◆ **Work required**: Please set down exactly the lines of the listing below from the line containing "Elegantní večerní šaty" through the line containing "7.3.1 Buy Stamford", both lines included, leaving out all other lines.

◆ **Input data**:
===
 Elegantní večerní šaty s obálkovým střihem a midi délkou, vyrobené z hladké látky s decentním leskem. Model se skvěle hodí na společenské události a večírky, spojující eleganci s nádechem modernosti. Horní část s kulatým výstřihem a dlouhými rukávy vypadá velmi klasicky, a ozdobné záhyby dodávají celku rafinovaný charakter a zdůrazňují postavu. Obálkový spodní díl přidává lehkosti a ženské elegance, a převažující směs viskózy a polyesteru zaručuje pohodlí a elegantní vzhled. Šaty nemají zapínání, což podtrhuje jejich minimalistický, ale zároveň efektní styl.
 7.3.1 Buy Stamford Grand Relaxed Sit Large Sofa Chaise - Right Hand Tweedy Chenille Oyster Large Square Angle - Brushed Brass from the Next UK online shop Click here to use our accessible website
===
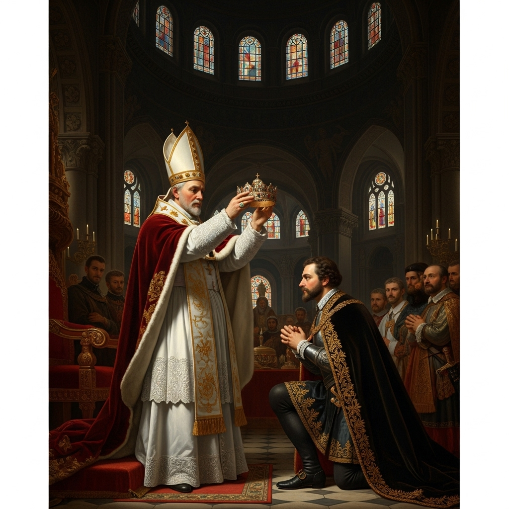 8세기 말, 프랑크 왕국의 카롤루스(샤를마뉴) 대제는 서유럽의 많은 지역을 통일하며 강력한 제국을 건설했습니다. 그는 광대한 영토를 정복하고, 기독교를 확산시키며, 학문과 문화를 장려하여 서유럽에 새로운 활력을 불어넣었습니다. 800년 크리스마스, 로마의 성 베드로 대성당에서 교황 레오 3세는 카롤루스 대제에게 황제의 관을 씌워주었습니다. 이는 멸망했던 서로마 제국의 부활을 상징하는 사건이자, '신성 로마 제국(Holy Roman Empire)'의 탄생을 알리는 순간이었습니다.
===
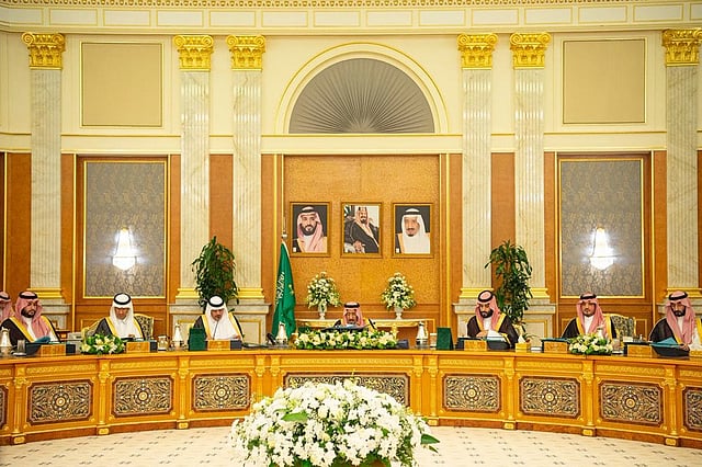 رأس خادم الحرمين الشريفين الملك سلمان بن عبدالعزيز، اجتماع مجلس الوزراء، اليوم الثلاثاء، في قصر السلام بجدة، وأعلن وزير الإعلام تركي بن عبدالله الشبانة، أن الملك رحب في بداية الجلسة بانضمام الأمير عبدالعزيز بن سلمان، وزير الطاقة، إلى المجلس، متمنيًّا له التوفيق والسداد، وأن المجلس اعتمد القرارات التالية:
===
◆ **Exercise output**:
 Elegantní večerní šaty s obálkovým střihem a midi délkou, vyrobené z hladké látky s decentním leskem. Model se skvěle hodí na společenské události a večírky, spojující eleganci s nádechem modernosti. Horní část s kulatým výstřihem a dlouhými rukávy vypadá velmi klasicky, a ozdobné záhyby dodávají celku rafinovaný charakter a zdůrazňují postavu. Obálkový spodní díl přidává lehkosti a ženské elegance, a převažující směs viskózy a polyesteru zaručuje pohodlí a elegantní vzhled. Šaty nemají zapínání, což podtrhuje jejich minimalistický, ale zároveň efektní styl.
 7.3.1 Buy Stamford Grand Relaxed Sit Large Sofa Chaise - Right Hand Tweedy Chenille Oyster Large Square Angle - Brushed Brass from the Next UK online shop Click here to use our accessible website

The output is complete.